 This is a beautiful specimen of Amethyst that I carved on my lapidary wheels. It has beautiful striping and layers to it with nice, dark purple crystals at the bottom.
==
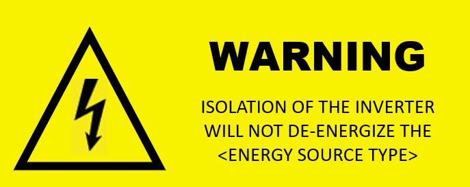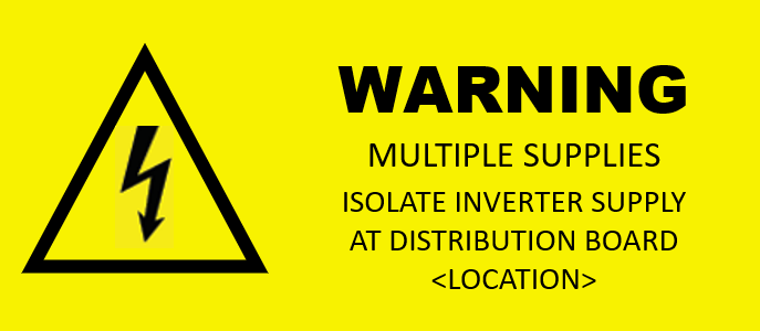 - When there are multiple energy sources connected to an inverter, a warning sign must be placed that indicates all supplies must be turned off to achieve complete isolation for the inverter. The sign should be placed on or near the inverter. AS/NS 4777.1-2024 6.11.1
---
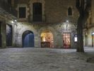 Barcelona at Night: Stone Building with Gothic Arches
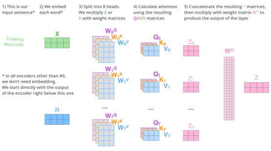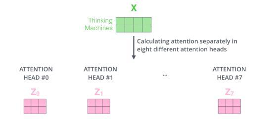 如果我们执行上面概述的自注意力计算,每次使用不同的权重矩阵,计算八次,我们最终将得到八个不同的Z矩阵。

» Brief: Using the data above, which lines fall from the one with "Barcelona at Night: Stone" through the one with "如果我们执行上面概述的自注意"? Repeat them exactly, ends included, minus any pictures.

» Response area:
 Barcelona at Night: Stone Building with Gothic Arches
 如果我们执行上面概述的自注意力计算,每次使用不同的权重矩阵,计算八次,我们最终将得到八个不同的Z矩阵。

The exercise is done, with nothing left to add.